REQUIREMENT ::
Begin at the line below that has "Every comb is". Stop after the line that has "Auch eine Wanderung", repeating each line exactly and leaving out the pictures.

Collected data entries ::
* * * * * * *
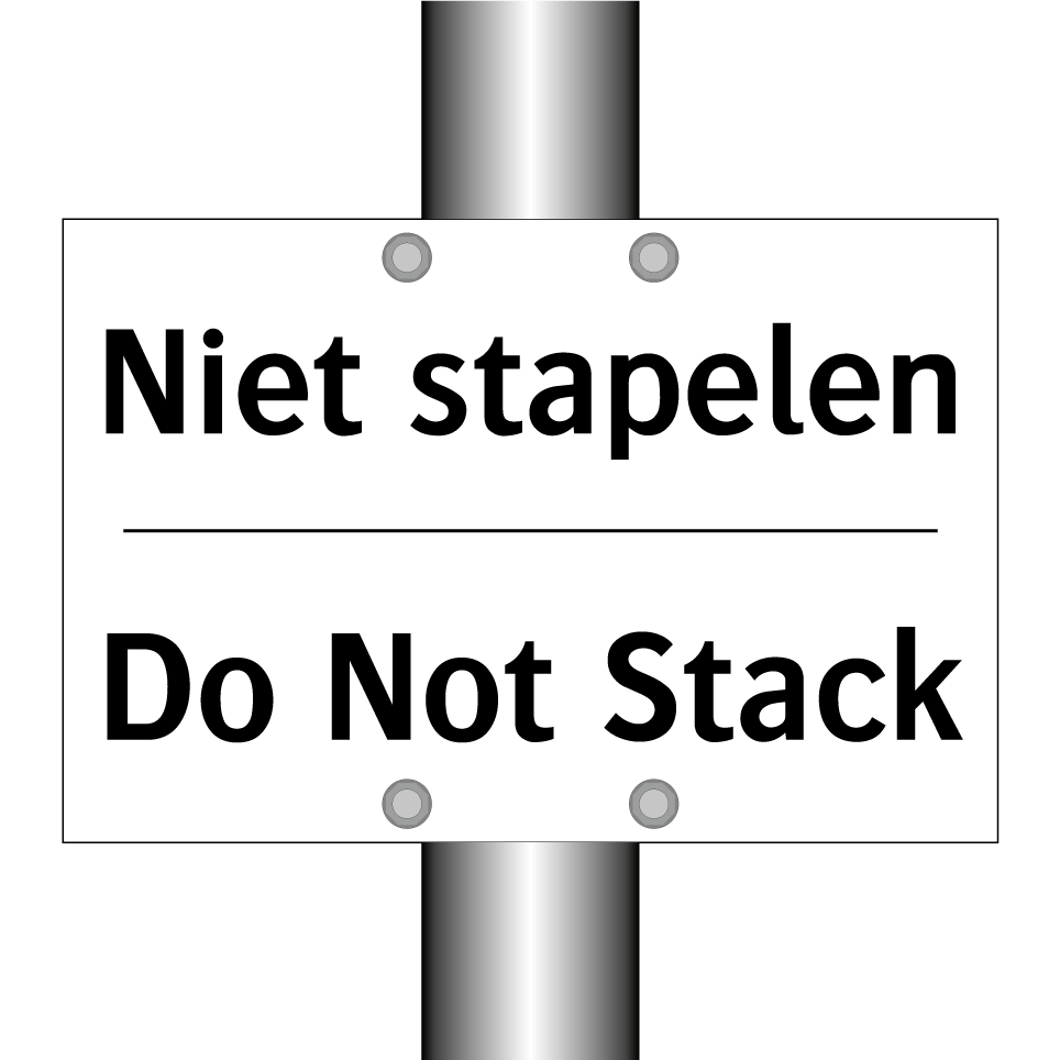 Verbodsbord met de tekst Niet stapelen en in het Engels: Do Not Stack
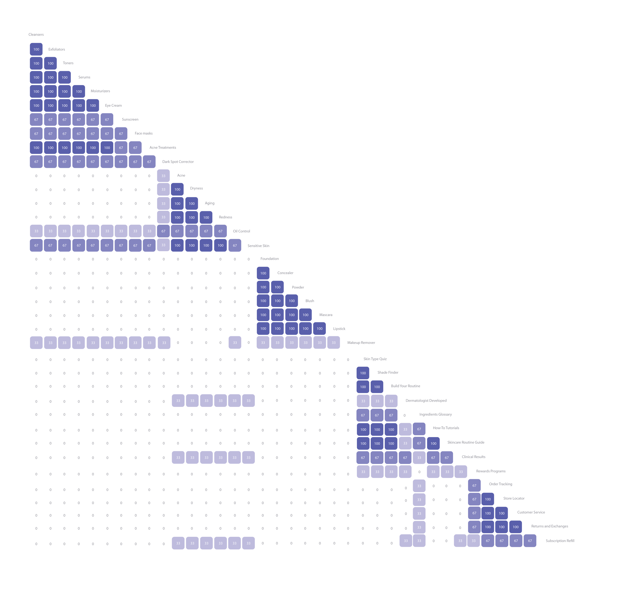 The open card sorting study revealed another important insight: people tend to think about skincare in terms of problems and solutions, not product types. Instead of starting with categories like “serums” or “cleansers,” users naturally grouped products by concerns such as acne, dryness, or sensitivity.
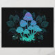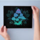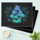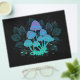 Mysterösa, bioluminiscent, hallucinogena, ljusa toadstooler med buskar av träskplantor på natten, mörk, glödande bakgrund. Växande svampar. Goblincore, Mushroomcore
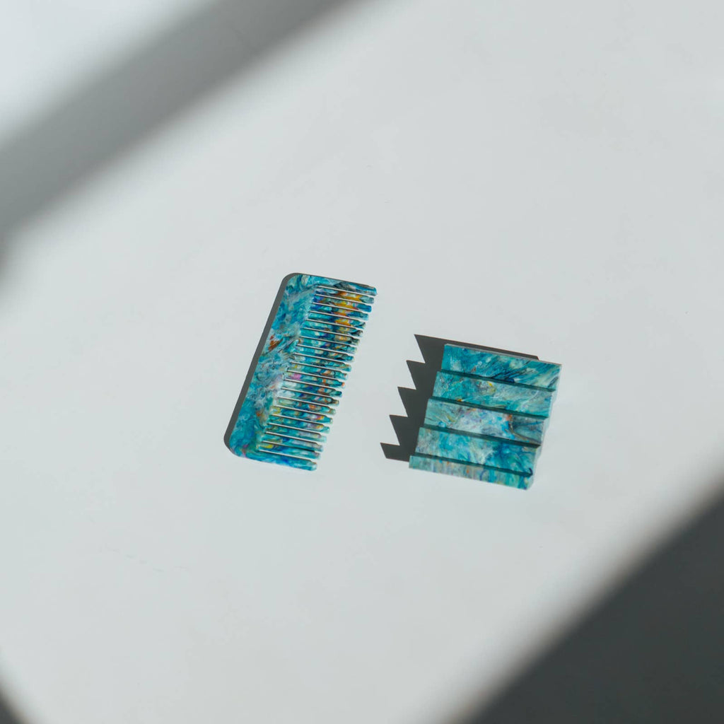 Every comb is unique and is slightly different due to the process involved in creating these recycled combs. What you receive will have the same colour combination as below.
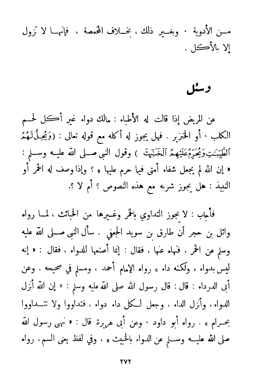 لَا يَجُوزُ التَّدَاوِي بِالْخَمْرِ وَغَيْرِهَا مِنْ الْخَبَائِثِ لِمَا رَوَاهُ وَائِلُ بْنُ حجر {أَنَّ طَارِقَ بْنَ سويد الجعفي. سَأَلَ النَّبِيَّ صَلَّى اللَّهُ عَلَيْهِ وَسَلَّمَ عَنْ الْخَمْرِ فَنَهَاهُ عَنْهَا فَقَالَ: إنَّمَا أَصْنَعُهَا لِلدَّوَاءِ فَقَالَ: إنَّهُ لَيْسَ بِدَوَاءِ وَلَكِنَّهُ دَاءٌ} رَوَاهُ الْإِمَامُ أَحْمَد وَمُسْلِمٌ فِي صَحِيحِهِ. وَعَنْ أَبِي الدَّرْدَاءِ: قَالَ: قَالَ رَسُولُ اللَّهِ صَلَّى اللَّهُ عَلَيْهِ وَسَلَّمَ {إنَّ اللَّهَ أَنْزَلَ الدَّوَاءَ وَأَنْزَلَ الدَّاءَ وَجَعَلَ لِكُلِّ دَاءٍ دَوَاءً فَتَدَاوَوْا وَلَا تَتَدَاوَوْا بِحَرَامِ} . رَوَاهُ أَبُو دَاوُد وَعَنْ أَبِي هُرَيْرَةَ قَالَ: {نَهَى رَسُولُ اللَّهِ صَلَّى اللَّهُ عَلَيْهِ وَسَلَّمَ عَنْ الدَّوَاءِ بِالْخَبِيثِ} وَفِي لَفْظٍ يَعْنِي السُّمَّ رَوَاهُ
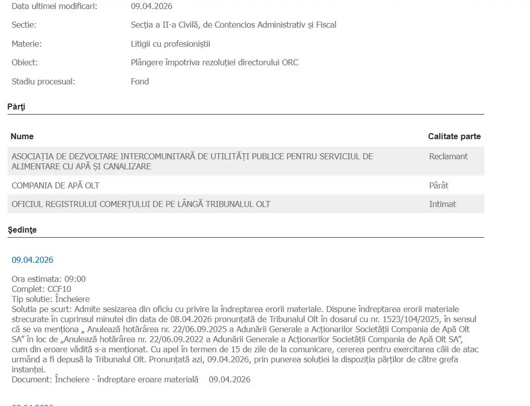 Asociaţia de Dezvoltare Intercomunitară (ADI) de Utilități Publice pentru Serviciul de Alimentare cu Apă şi Canalizare a certu în instanţă anularea hotărârii nr. 22/06.09.2022 a Adunării Generale a Acţionarilor Societăţii Compania de Apă Olt SA prin care s-au prelungit mandatele membrilor din Consiliul de Administraţie.
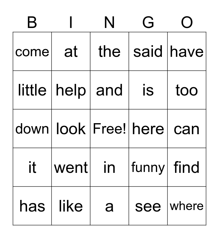This bingo card has a free space and 24 words: went, like, and, has, have, come, little, at, here, in, is, down, funny, find, help, see, can, the, too, look, where, it, said and a.
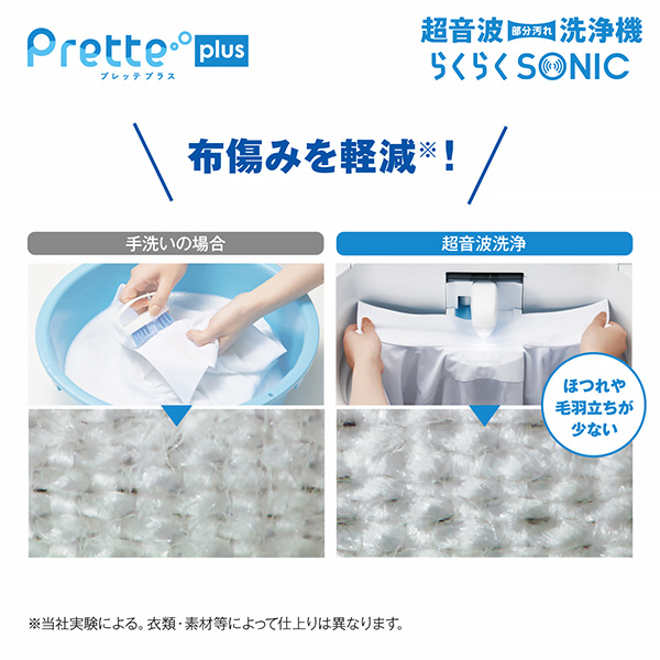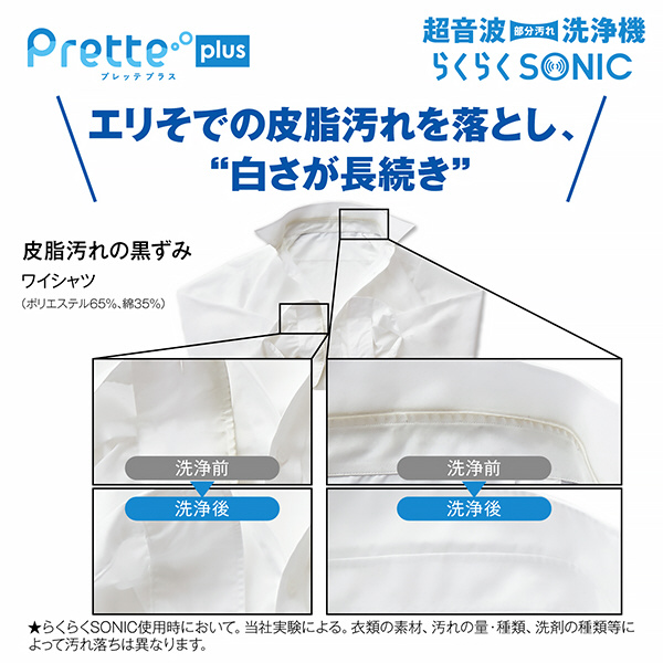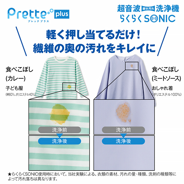 お洗濯前に気になる部分汚れ(食べこぼしや皮脂汚れ)をかんたんキレイに!超音波洗浄機らくらくSONIC搭載。超音波ホーンに約30秒軽く当てるだけで繊維の奥の汚れをキレイに!手洗いのようにこすらないので、大切な衣類を長く着続けることが出来ます。
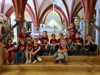Auch eine Wanderung in die Milchviehanlage nach Hammersfeld mit anschließender Traktorrückfahrt begeisterte alle Kinder. Das war ein tolles und interessantes Abenteuer. An einem anderen Piratentag fuhren wir mit dem Bus nach Stadtilm, lernten die Bibliothek kennen und die „7 Wunder“ von Stadtilm. Auch wenn das „letzte Schwein“ allen am Besten gefiel, gehört es doch nicht zu den 7 Wundern der Stadt.
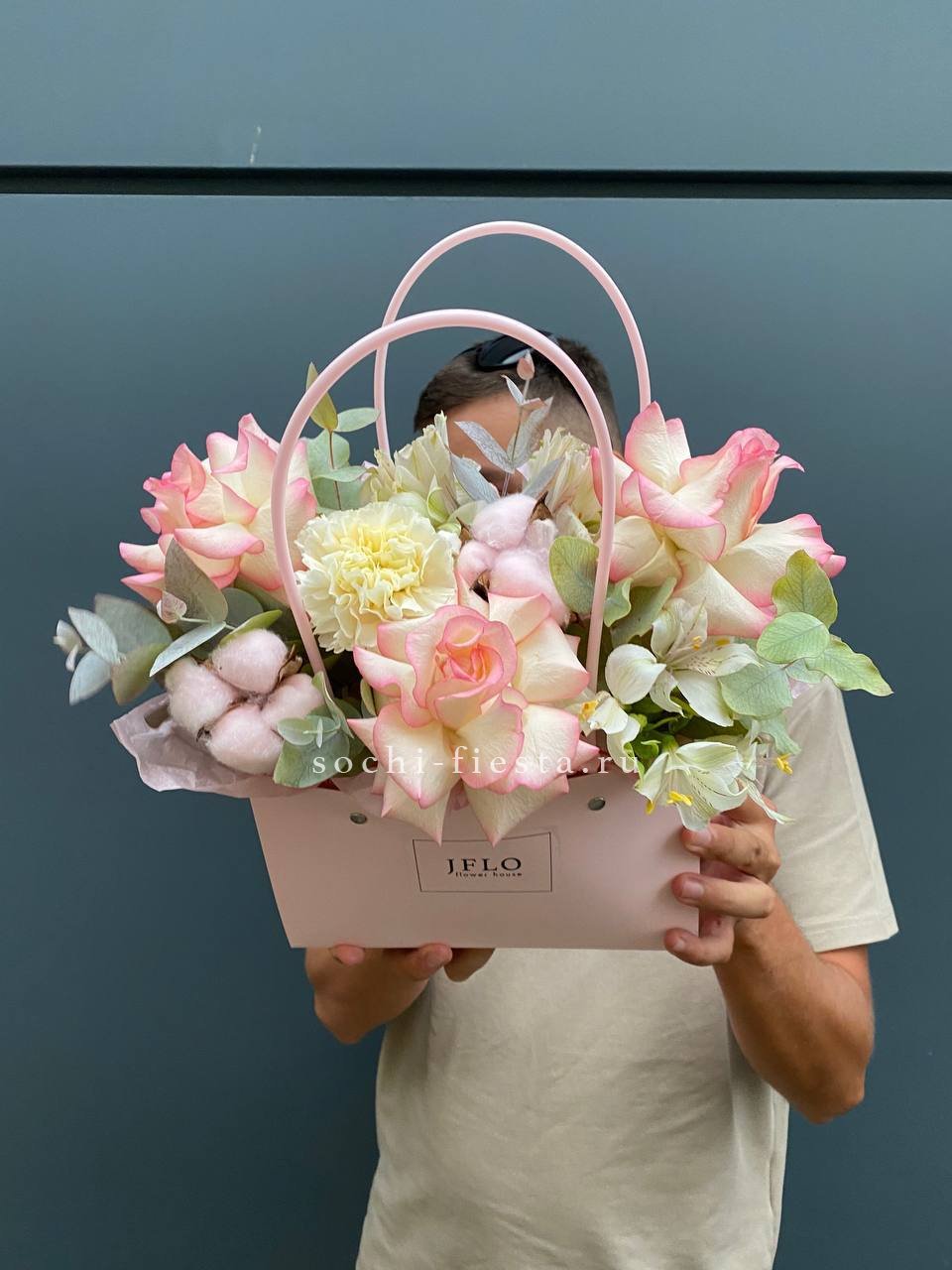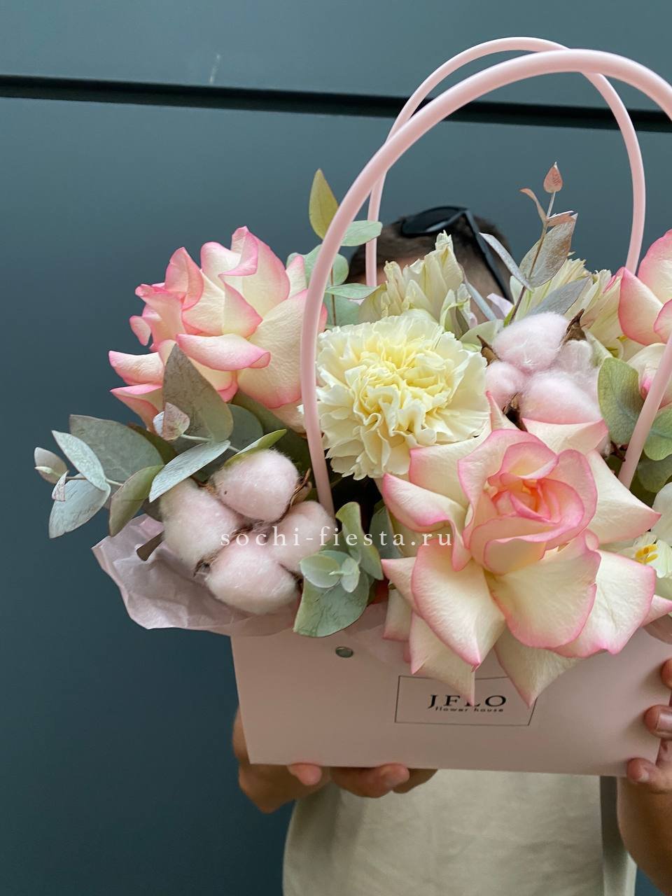 Пышные головки пионовидных роз задают объём, а мелкие соцветия диантуса разбивают плотность. Гортензия добавляет воздушную текстуру, эвкалипт смягчает линии. Композиция в сумке-кашпо выглядит свободно и живо.
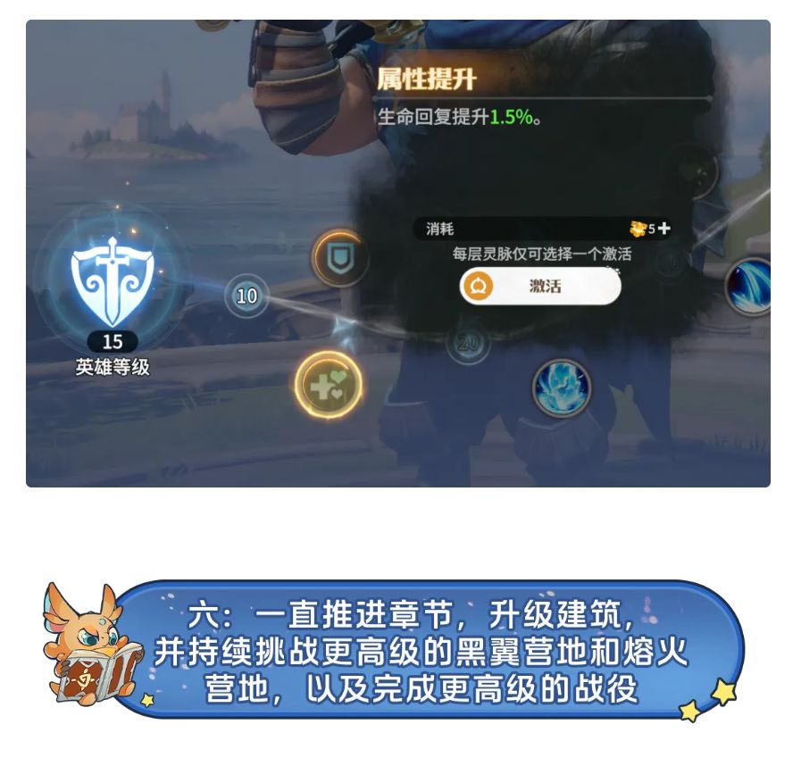 6.激活英雄灵脉:英雄灵脉每10级解锁,激活灵脉也可提升英雄战力。
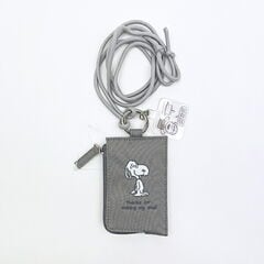 スヌーピー パス&コインケース ベージュ デスク刺繍 リール付き ICカードケース 定期入れ
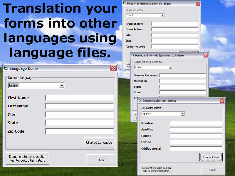 A class and a demonstration to allow your application to use language files. Allows you to create language.lng files for any language and change all text within the application to the new language.
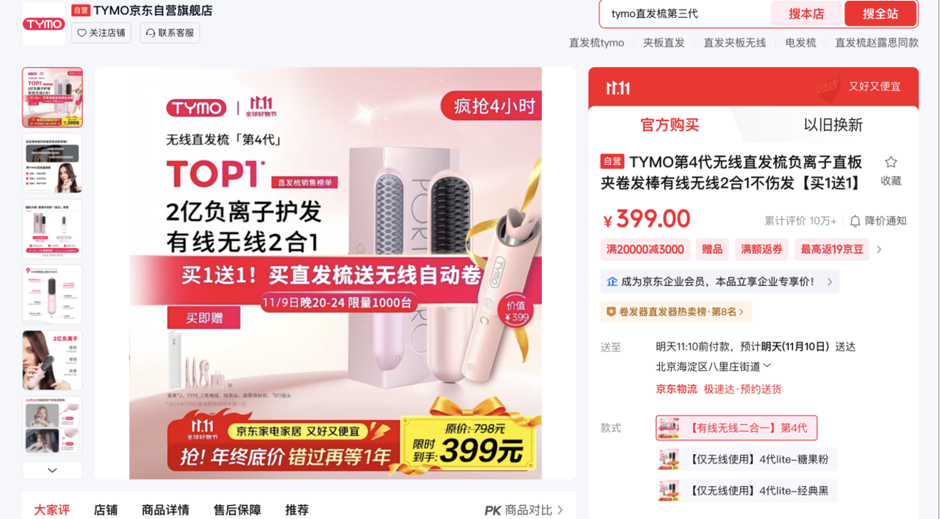 除智能吹风机外,直发梳产品也备受消费者青睐,TYMO第四代无线直发梳,有线无񏍸𴡑,告别电量焦虑,2亿负离子持续输出,快速中和静电,一梳即顺。3档温控,适合各种发质需求,快速塑造顺直、高颅顶、八字刘海等发型。限𿮡折到手�元!现在下单即赠无线自动卷发棒,加入店铺会员还享񀙛年以换代修服务。
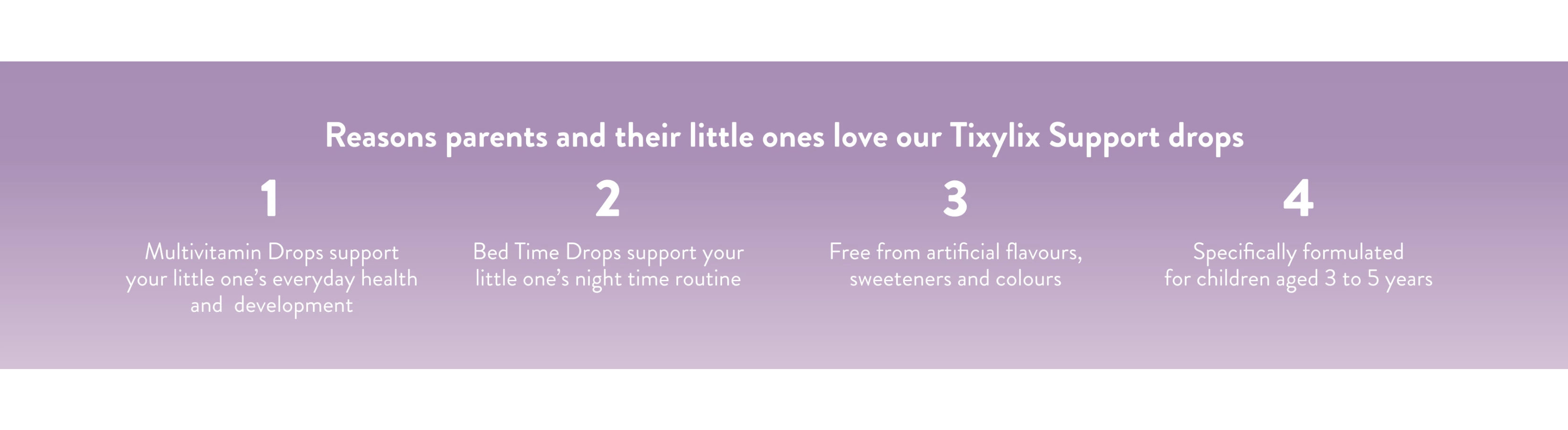Tixylix Multi-Vitamin and Bed Time Drops have been carefully formulated to support with children’s health, development, and sleep routines. Tixylix drops can be added to a drink (juice, water) or food to Infants and children aged 3 months to 5 years old.
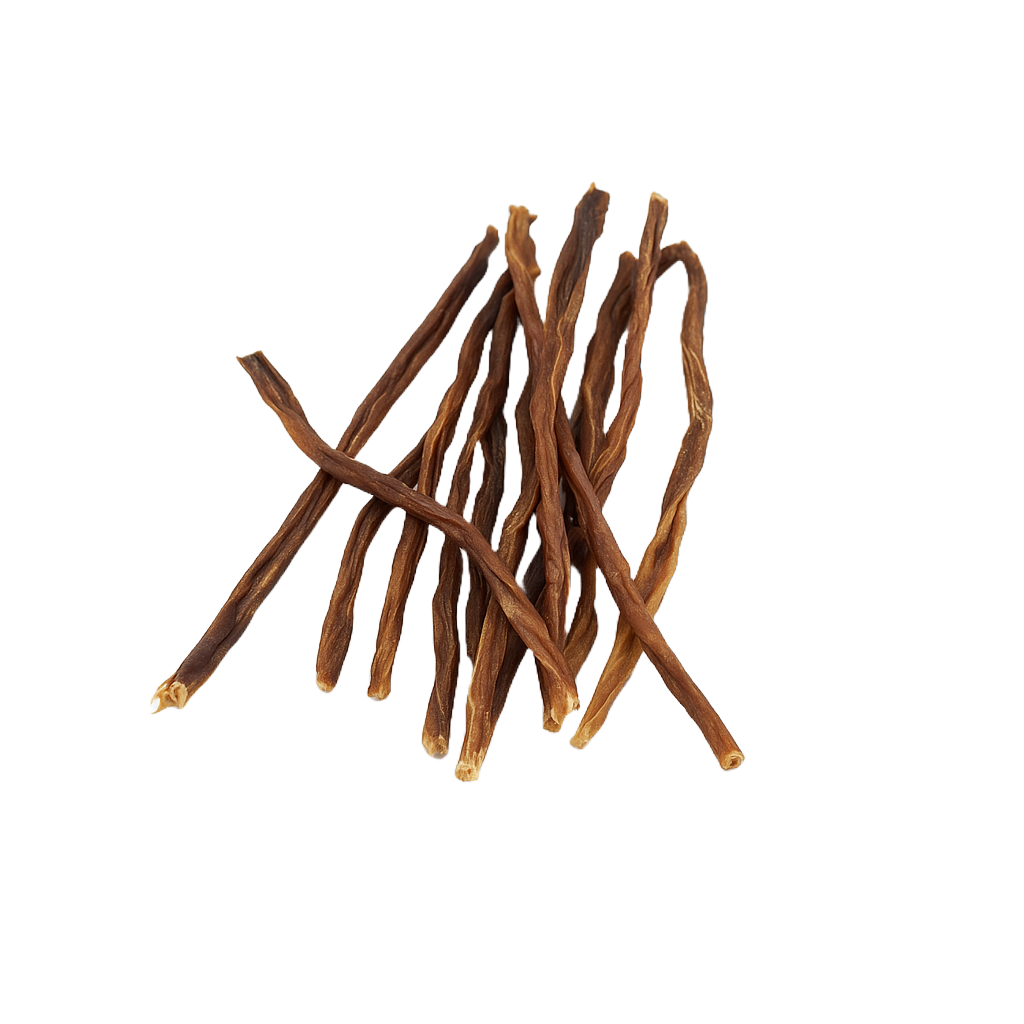 Varkens Spaghetti bestaat uit gedroogde varkensdarmen, verwerkt tot dunne, soepele staafjes. Door het formaat zijn ze ideaal om als tussendoortje te geven of in kleinere stukjes te breken voor training of beloning.
* * * * * * *
SOLUTION TO THE PROBLEM ::
 Every comb is unique and is slightly different due to the process involved in creating these recycled combs. What you receive will have the same colour combination as below.
 لَا يَجُوزُ التَّدَاوِي بِالْخَمْرِ وَغَيْرِهَا مِنْ الْخَبَائِثِ لِمَا رَوَاهُ وَائِلُ بْنُ حجر {أَنَّ طَارِقَ بْنَ سويد الجعفي. سَأَلَ النَّبِيَّ صَلَّى اللَّهُ عَلَيْهِ وَسَلَّمَ عَنْ الْخَمْرِ فَنَهَاهُ عَنْهَا فَقَالَ: إنَّمَا أَصْنَعُهَا لِلدَّوَاءِ فَقَالَ: إنَّهُ لَيْسَ بِدَوَاءِ وَلَكِنَّهُ دَاءٌ} رَوَاهُ الْإِمَامُ أَحْمَد وَمُسْلِمٌ فِي صَحِيحِهِ. وَعَنْ أَبِي الدَّرْدَاءِ: قَالَ: قَالَ رَسُولُ اللَّهِ صَلَّى اللَّهُ عَلَيْهِ وَسَلَّمَ {إنَّ اللَّهَ أَنْزَلَ الدَّوَاءَ وَأَنْزَلَ الدَّاءَ وَجَعَلَ لِكُلِّ دَاءٍ دَوَاءً فَتَدَاوَوْا وَلَا تَتَدَاوَوْا بِحَرَامِ} . رَوَاهُ أَبُو دَاوُد وَعَنْ أَبِي هُرَيْرَةَ قَالَ: {نَهَى رَسُولُ اللَّهِ صَلَّى اللَّهُ عَلَيْهِ وَسَلَّمَ عَنْ الدَّوَاءِ بِالْخَبِيثِ} وَفِي لَفْظٍ يَعْنِي السُّمَّ رَوَاهُ
 Asociaţia de Dezvoltare Intercomunitară (ADI) de Utilități Publice pentru Serviciul de Alimentare cu Apă şi Canalizare a certu în instanţă anularea hotărârii nr. 22/06.09.2022 a Adunării Generale a Acţionarilor Societăţii Compania de Apă Olt SA prin care s-au prelungit mandatele membrilor din Consiliul de Administraţie.
This bingo card has a free space and 24 words: went, like, and, has, have, come, little, at, here, in, is, down, funny, find, help, see, can, the, too, look, where, it, said and a.
 お洗濯前に気になる部分汚れ(食べこぼしや皮脂汚れ)をかんたんキレイに!超音波洗浄機らくらくSONIC搭載。超音波ホーンに約30秒軽く当てるだけで繊維の奥の汚れをキレイに!手洗いのようにこすらないので、大切な衣類を長く着続けることが出来ます。
Auch eine Wanderung in die Milchviehanlage nach Hammersfeld mit anschließender Traktorrückfahrt begeisterte alle Kinder. Das war ein tolles und interessantes Abenteuer. An einem anderen Piratentag fuhren wir mit dem Bus nach Stadtilm, lernten die Bibliothek kennen und die „7 Wunder“ von Stadtilm. Auch wenn das „letzte Schwein“ allen am Besten gefiel, gehört es doch nicht zu den 7 Wundern der Stadt.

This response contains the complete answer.